Kita masih ingat tenggelamnya KMP Rafelia II pada 2016, terbakarnya KMP Labitra Adinda pada 17 Mei 2018, tenggelamnya KMP Yunice pada Juni 2021, dan kini KMP Tunu Pratama Jaya dengan korban puluhan orang, beberapa di antaranya masih belum ditemukan. Ini bukan lagi sekadar musibah, tetapi sinyal kuat bahwa transportasi penyeberangan di Selat Bali perlu solusi permanen dan revolusioner.
Maka, sudah saatnya pemerintah memikirkan pembangunan Jembatan Layang Penghubung Selat Bali yang menghubungkan Ketapang dan Gilimanuk, dengan titik terdekat di Watu Dodol yang hanya berjarak sekitar 2,3 km. Investasi yang dibutuhkan diperkirakan 1,5 miliar USD atau sekitar 24 triliun rupiah. Nilai ini sepadan dengan manfaat jangka panjang: keselamatan jiwa, efisiensi logistik, kelancaran arus wisatawan, dan percepatan pertumbuhan ekonomi regional.

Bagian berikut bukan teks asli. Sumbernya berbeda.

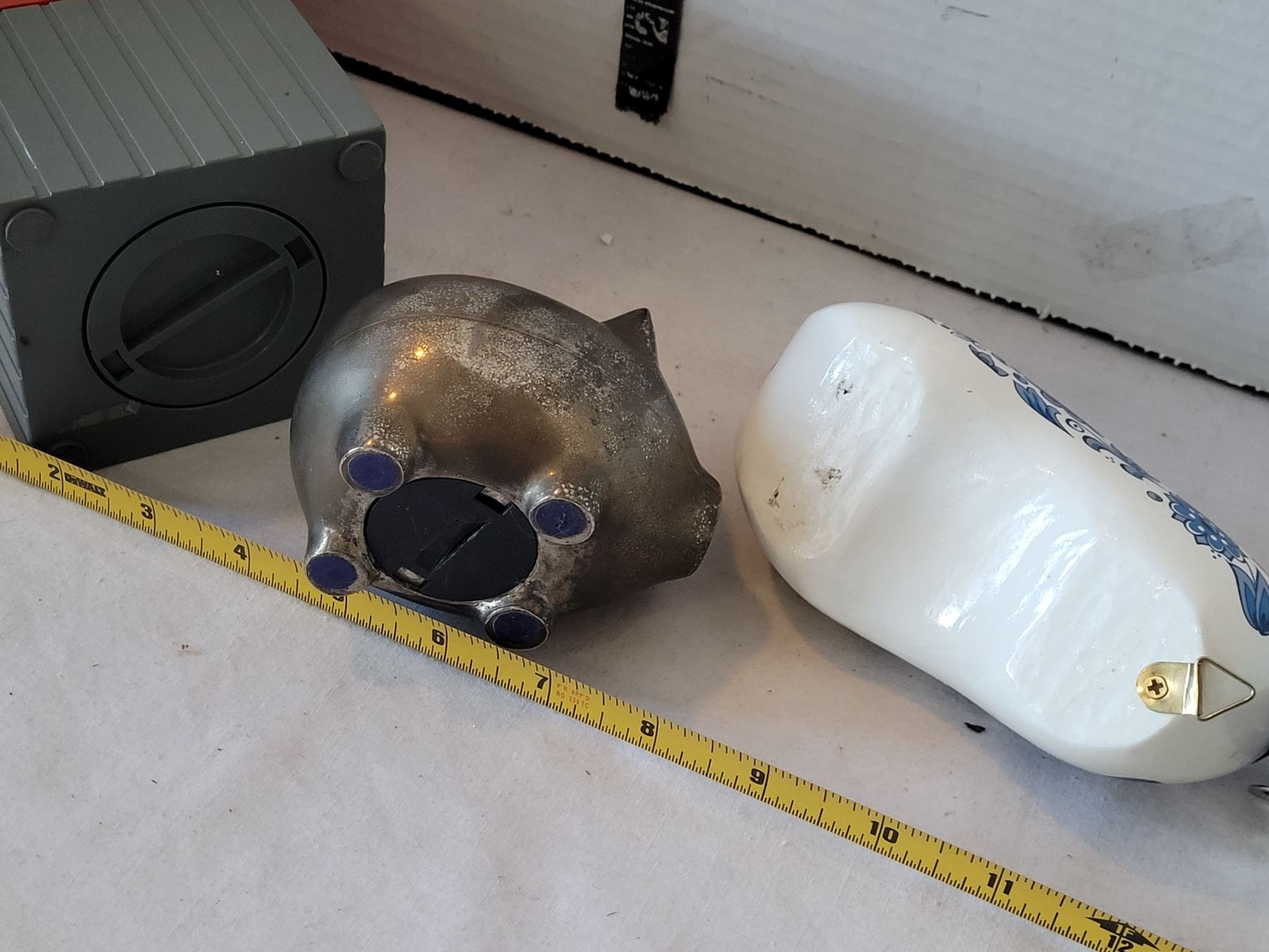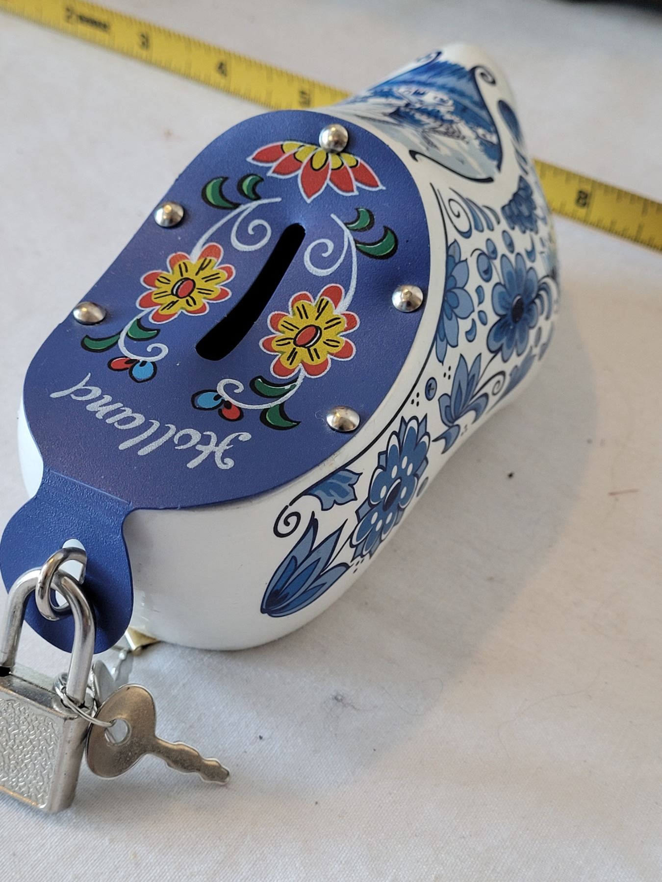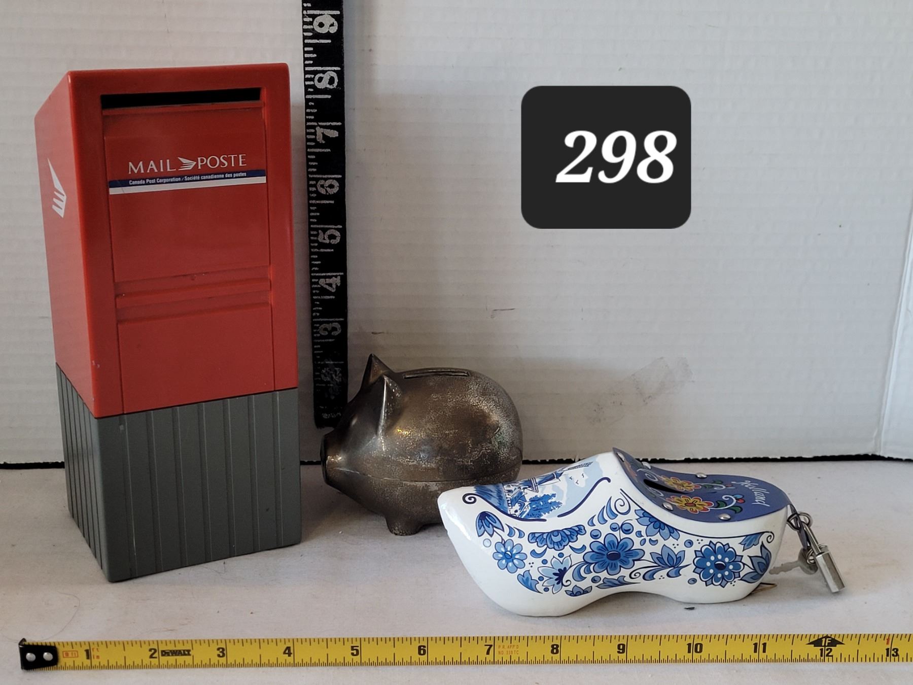 Coin Banks. Silver plated piggy, Canada post box & Holland hand painted shoe.(lock & key)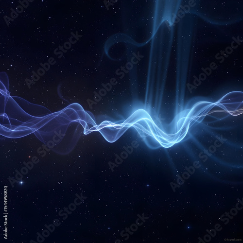 Abstract Blue Light Waves and Particle Trails on a Dark Starry Background – Digital Flowing Lines Representing Sound, Data, Energy, or Sci-Fi Concepts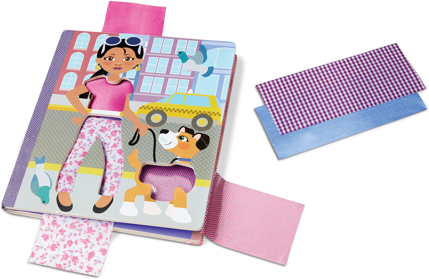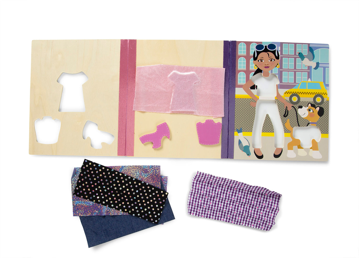Young designers will love creating their own unique looks and designs with this double-sided wooden fabric press! Open the press like a book, layer fabric swatches, then close the press to "dress" the figures, their bags, and their pets! With 24 fabric pieces, there are countless options for designing fun and fashionable multi-textured outfits. It's a great way for kids five and older to explore their creativity and develop fine motor and storytelling skills. The fabric pieces and press store in a convenient take-along bag, making this a perfect travel activity, too!
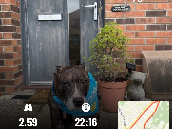 2.86 miles while Kobi’s Minion was at football training.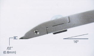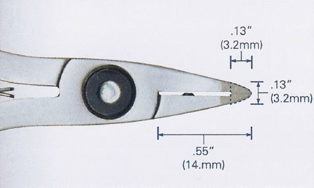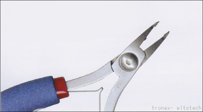 Typischer SMT Cutter. Außerordentlich schmal, feine Schneidekanten mit einer feinen Spitze. Sehr oft verwendet für Arbeiten unter einem Mikroskop. Damit können einzelne Anschlussbeinchen an "fine pitch" Bausteinen abgeschnitten werden. |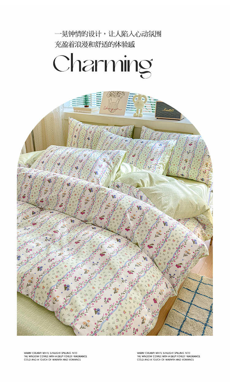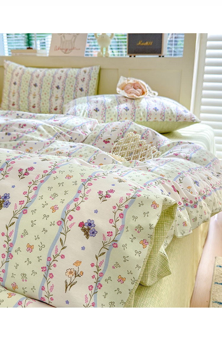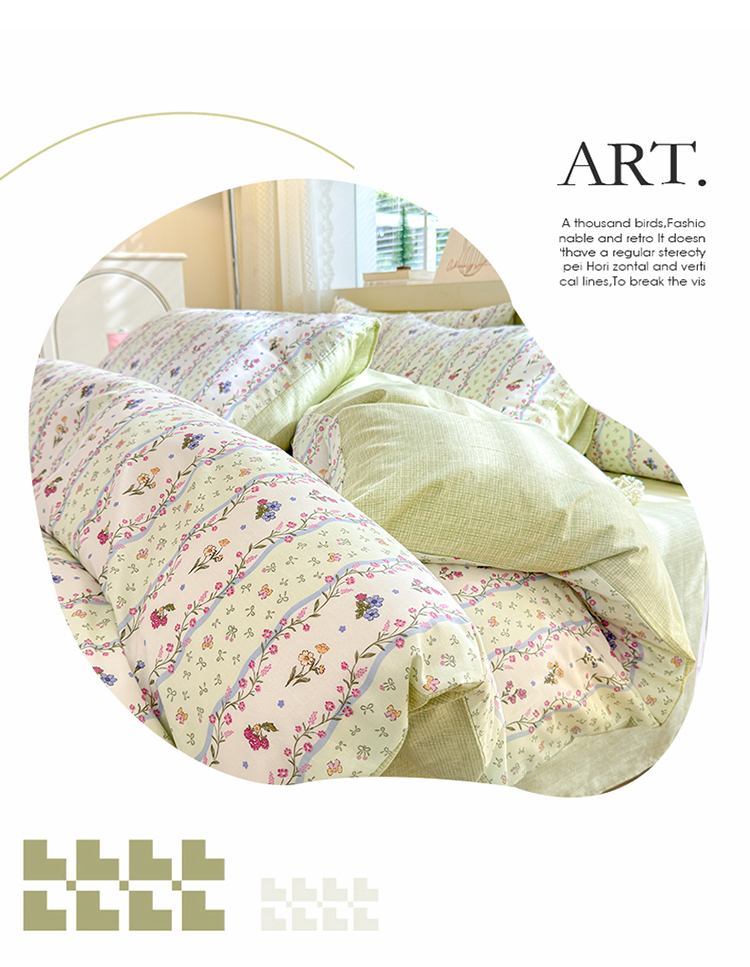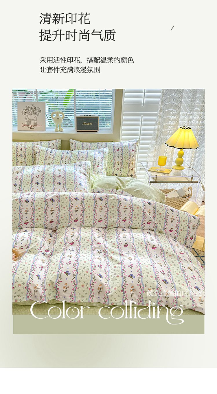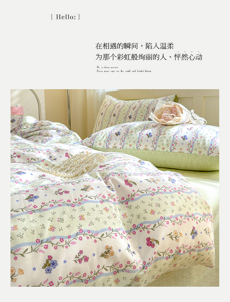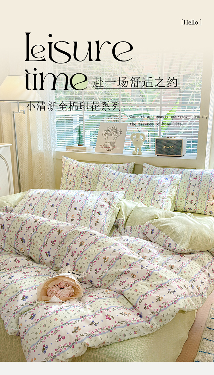 当前位置: 91家纺网 > 商品网购 > 床品套件 > 四件套 > 全棉普通四件套 > 清雅福 2024新款全棉13372小清新四件套和单品系列第四季 夏日春天

Apalagi, potensi lalu lintasnya sudah jelas: sekitar 3 juta kendaraan menyeberang Selat Bali setiap tahun. Banyak pihak swasta, baik dalam maupun luar negeri, siap terlibat membiayai proyek ini. Bahkan, negara bisa sepenuhnya mengambil alih pembiayaan melalui skema pendanaan strategis seperti Danantara agar aset ini dikelola sepenuhnya untuk kepentingan rakyat.
Cukuplah tragedi demi tragedi di Selat Bali menjadi alarm bagi kita semua. Bangun jembatan layang penghubung Ketapang-Bali sekarang juga — demi keselamatan, kemajuan, dan masa depan Indonesia.
Mohamad Amrullah, S.H., M.Hum.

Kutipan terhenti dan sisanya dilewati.